▶ **WHAT YOU WILL DO**
Make an exact copy of the listing underneath, skipping each picture.

▶ **DATA UNDER STUDY**
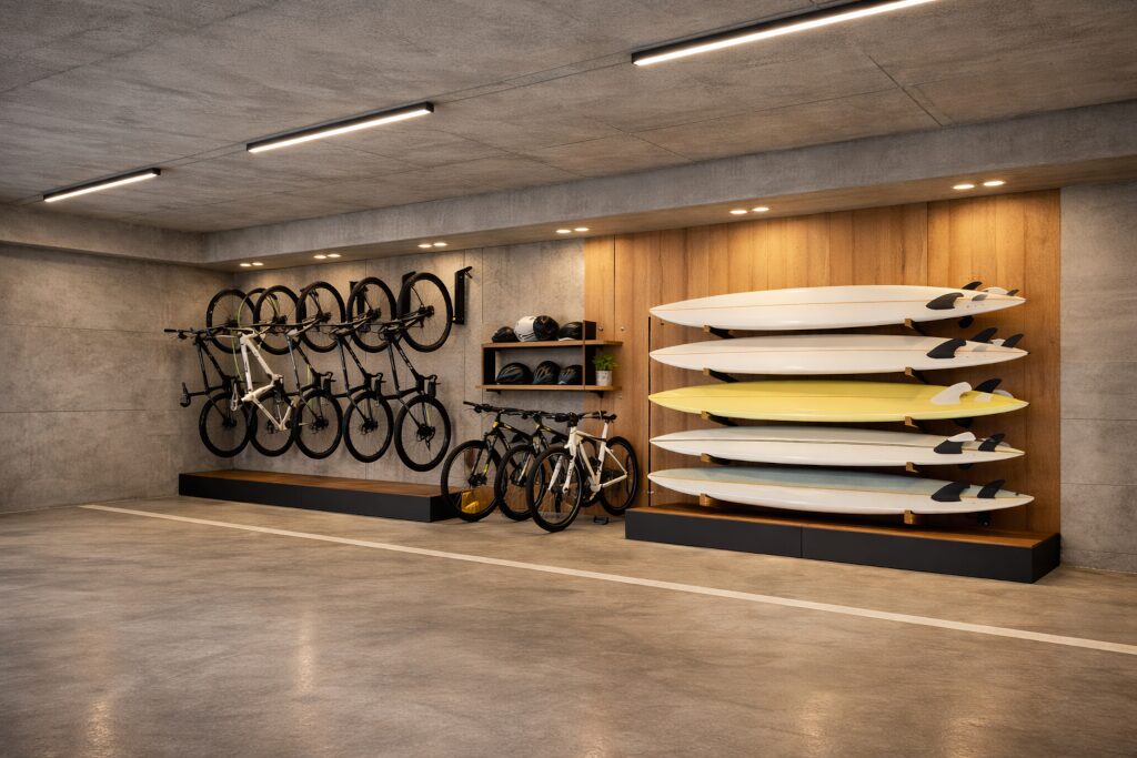 O empreendimento dispõe de uma infraestrutura completa de conveniência e lazer, com portaria digital, espaço multiuso, academia, lavanderia, brinquedoteca e salão de festas. Para quem valoriza mobilidade e lazer ao ar livre, o projeto também conta com bicicletário e guarderia de pranchas, reforçando um estilo de vida ativo e conectado ao entorno.
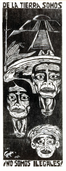 Carlos A. Cortéz, De la tierra somos !no somos ilegales!, 1984, linoleum cut on paper, Smithsonian American Art Museum, Gift of Tomás Ybarra-Frausto, 1995.50.6, © 2020, Dora Katsikakis
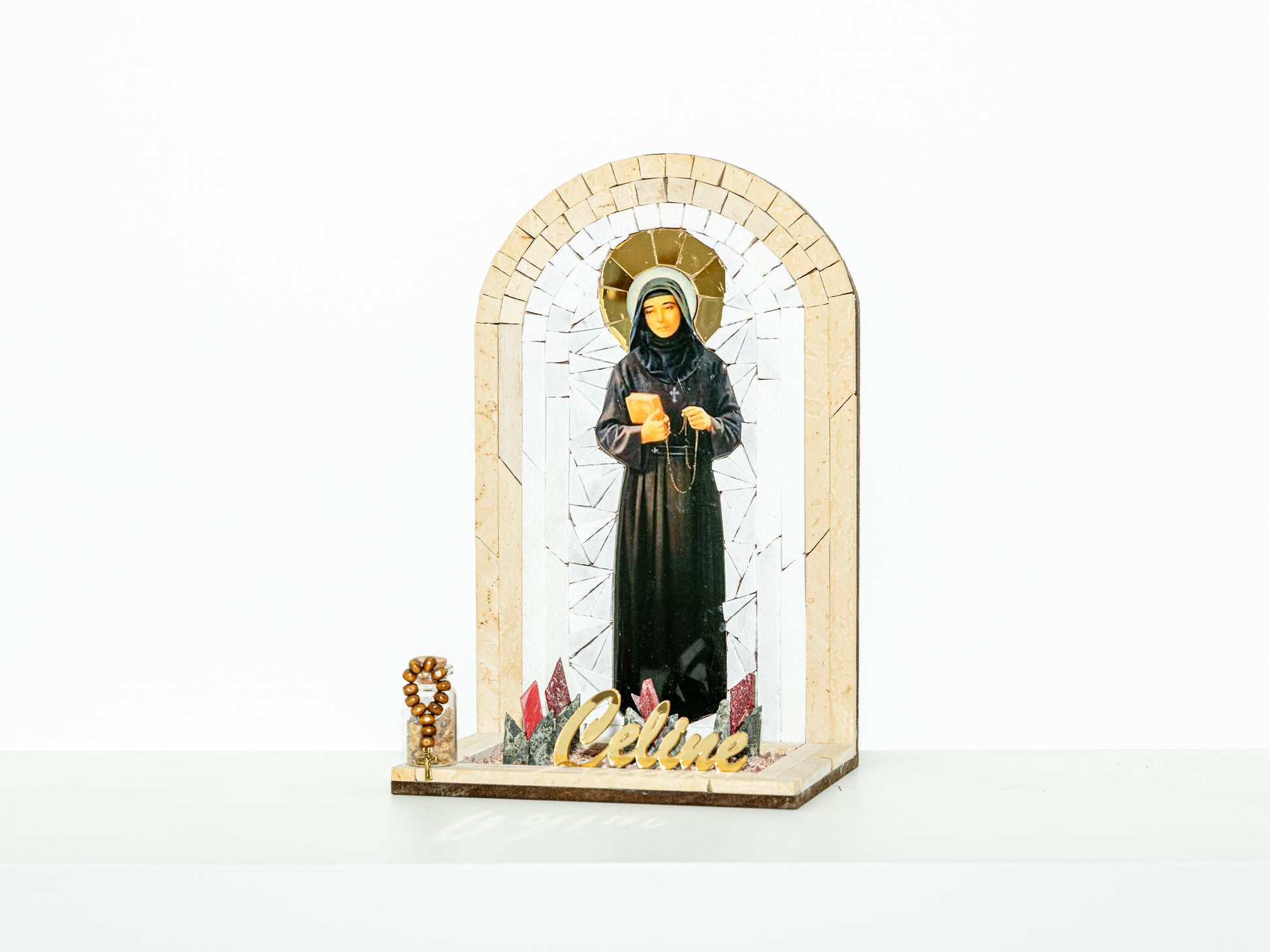 The image is set within an elegant, rounded mosaic arch. The frame is distinctively bordered with natural-toned stone, giving the shrine a rustic yet reverent feel. The base of the arch also features coordinating mosaic pattern.
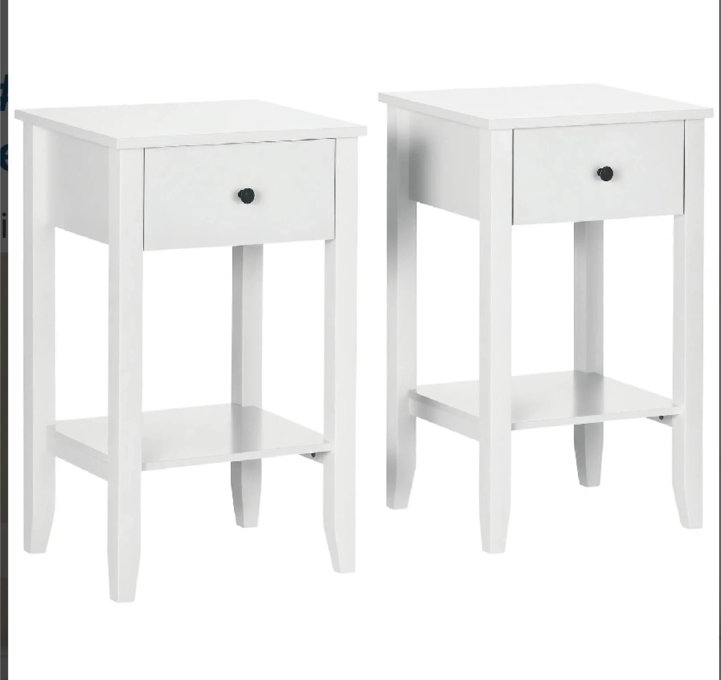 These HOMCOM side tables offer a blend of style and functionality, perfect for any bedroom or living space. This set includes two brand-new side tables, still in their original packaging, ensuring they are in pristine condition. Each table features a clean, white finish, a smooth-gliding drawer, and a convenient open shelf for additional storage. The modern design complements various decor styles, making these tables a versatile addition to your home.
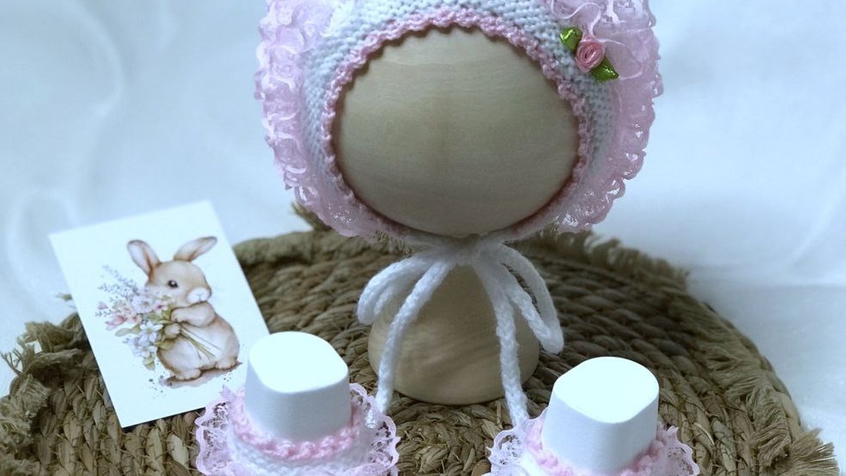 На фото очаровательный комплект для малышки: чепчик и пинетки в бело‑розовой гамме. Основное полотно выглядит выполненным аккуратной платочной вязкой/лицевой гладью с ровным натяжением, края чистые, форма держится хорошо. Главный акцент — нежные розовые рюши по краю чепчика и манжетам пинеток (похоже на декоративную пряжу с готовой оборкой или обвязку), плюс мини‑розочки с листиками как милый «кукольный» штрих. Подача уютная: спокойный фон и реквизит подчёркивают воздушность комплекта.
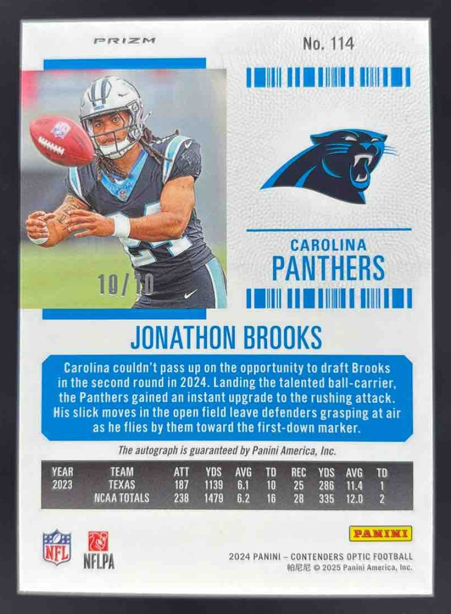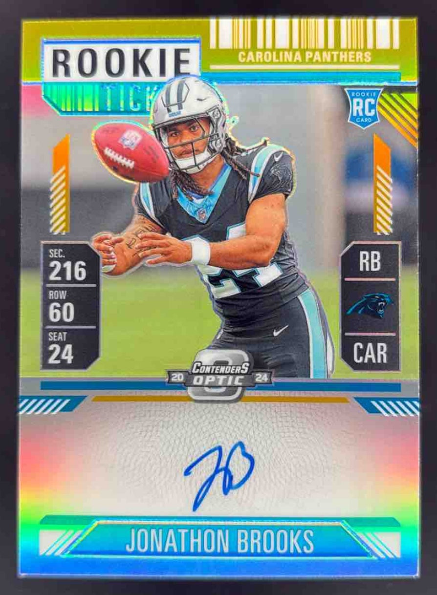 2024 Contenders Optic Rookie Ticket Gold Prizm #114 Jonathon Brooks RC Auto /10
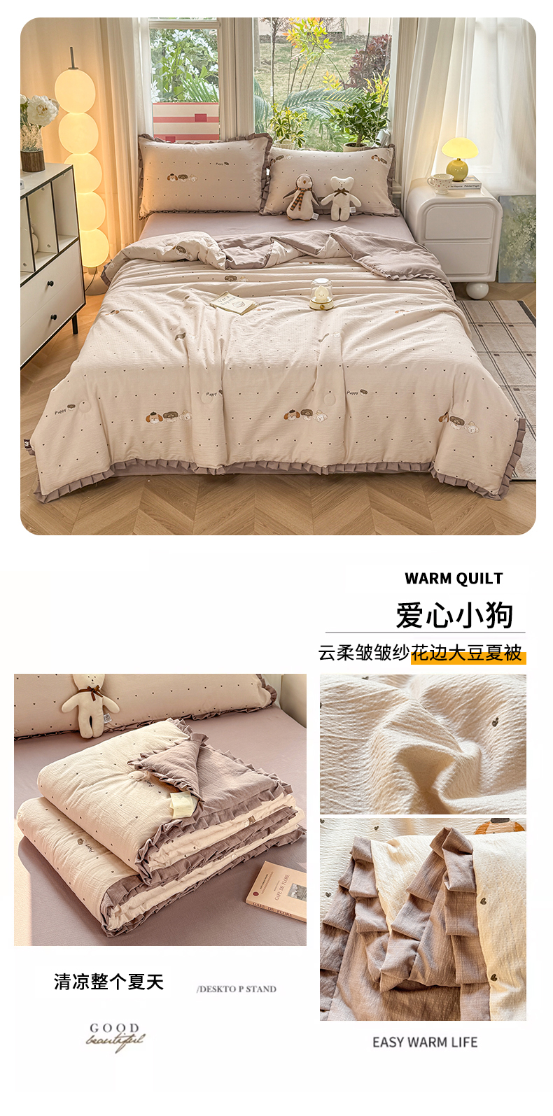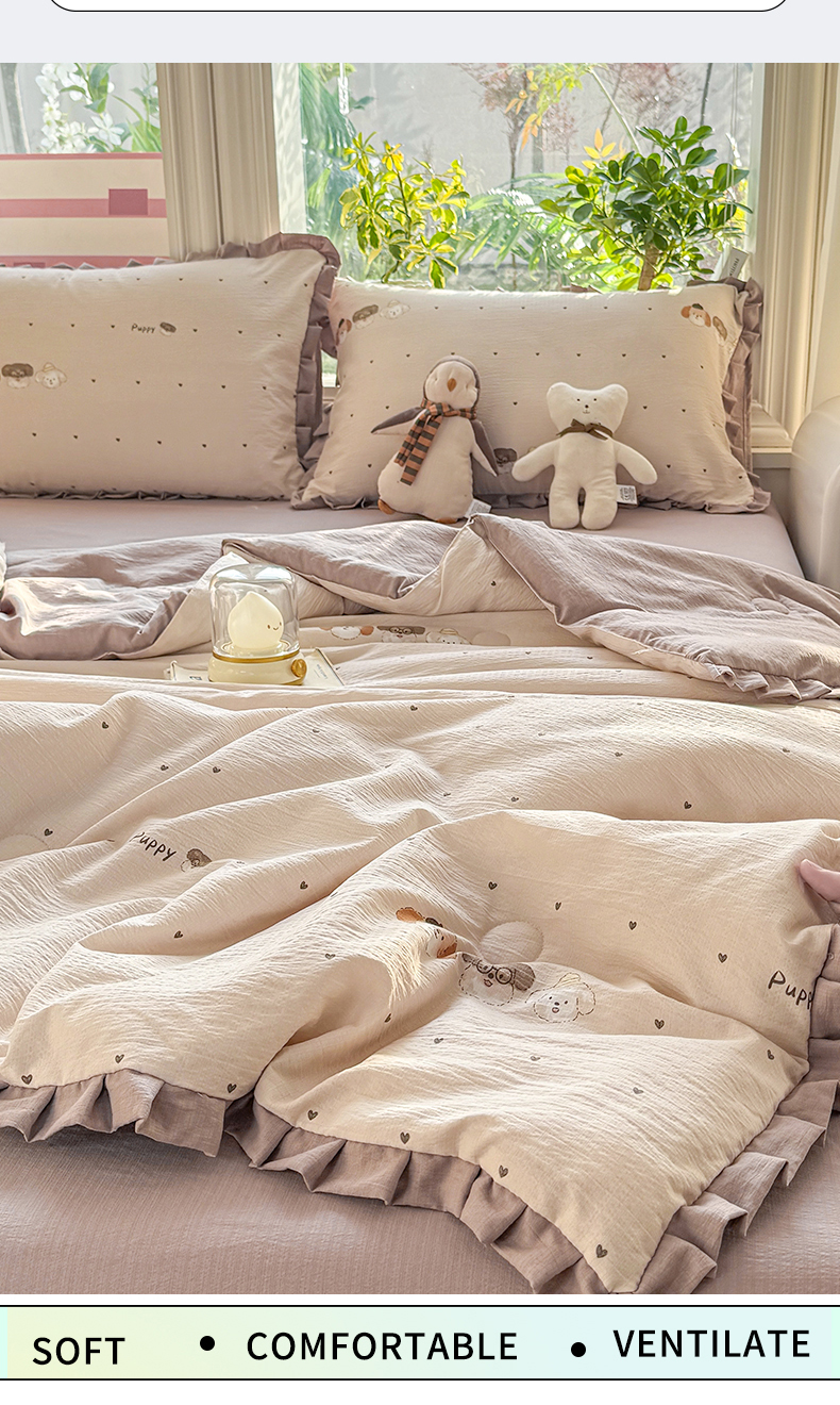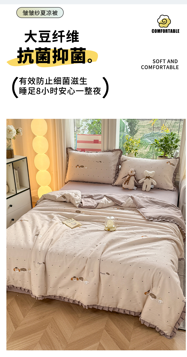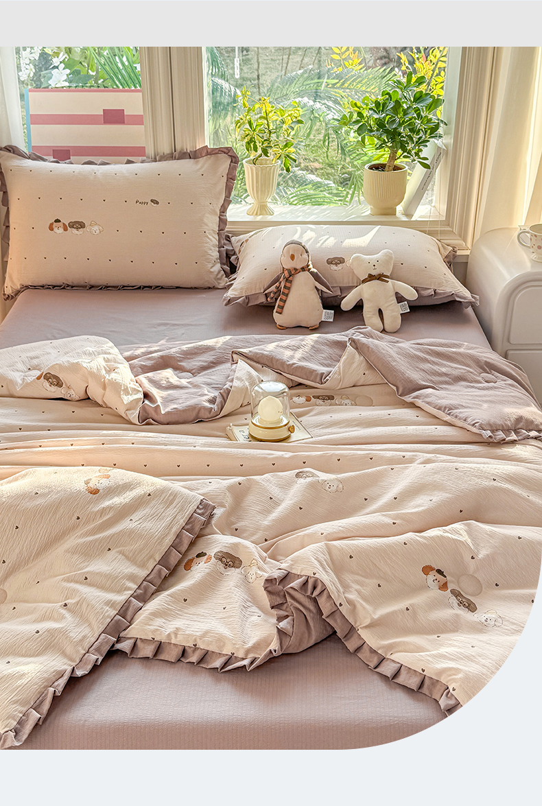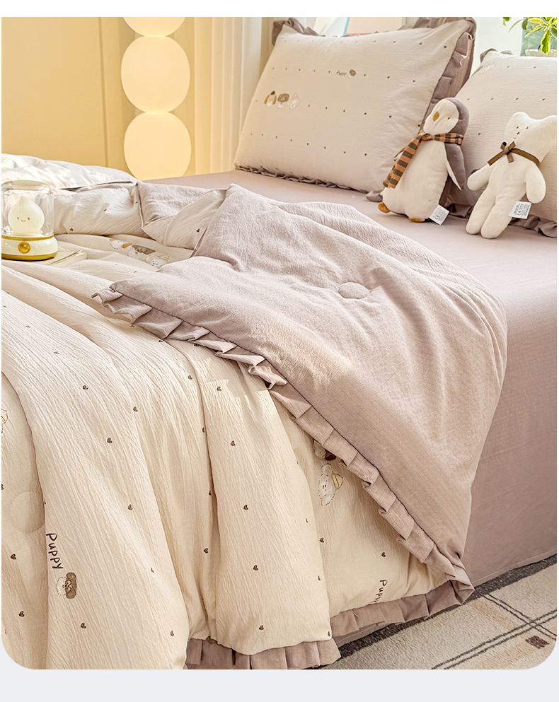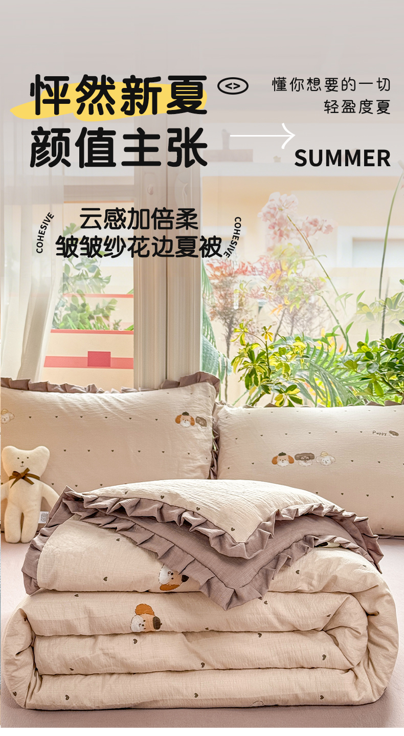 • 91家纺网 家纺一手货源 找家纺 丽美人家纺 2026新款皱皱纱花边夏被被夏凉被空调被 HB爱心小狗

▶ **RESULT FOR THIS TASK**
 O empreendimento dispõe de uma infraestrutura completa de conveniência e lazer, com portaria digital, espaço multiuso, academia, lavanderia, brinquedoteca e salão de festas. Para quem valoriza mobilidade e lazer ao ar livre, o projeto também conta com bicicletário e guarderia de pranchas, reforçando um estilo de vida ativo e conectado ao entorno.
 Carlos A. Cortéz, De la tierra somos !no somos ilegales!, 1984, linoleum cut on paper, Smithsonian American Art Museum, Gift of Tomás Ybarra-Frausto, 1995.50.6, © 2020, Dora Katsikakis
 The image is set within an elegant, rounded mosaic arch. The frame is distinctively bordered with natural-toned stone, giving the shrine a rustic yet reverent feel. The base of the arch also features coordinating mosaic pattern.
 These HOMCOM side tables offer a blend of style and functionality, perfect for any bedroom or living space. This set includes two brand-new side tables, still in their original packaging, ensuring they are in pristine condition. Each table features a clean, white finish, a smooth-gliding drawer, and a convenient open shelf for additional storage. The modern design complements various decor styles, making these tables a versatile addition to your home.
 На фото очаровательный комплект для малышки: чепчик и пинетки в бело‑розовой гамме. Основное полотно выглядит выполненным аккуратной платочной вязкой/лицевой гладью с ровным натяжением, края чистые, форма держится хорошо. Главный акцент — нежные розовые рюши по краю чепчика и манжетам пинеток (похоже на декоративную пряжу с готовой оборкой или обвязку), плюс мини‑розочки с листиками как милый «кукольный» штрих. Подача уютная: спокойный фон и реквизит подчёркивают воздушность комплекта.
 2024 Contenders Optic Rookie Ticket Gold Prizm #114 Jonathon Brooks RC Auto /10
 • 91家纺网 家纺一手货源 找家纺 丽美人家纺 2026新款皱皱纱花边夏被被夏凉被空调被 HB爱心小狗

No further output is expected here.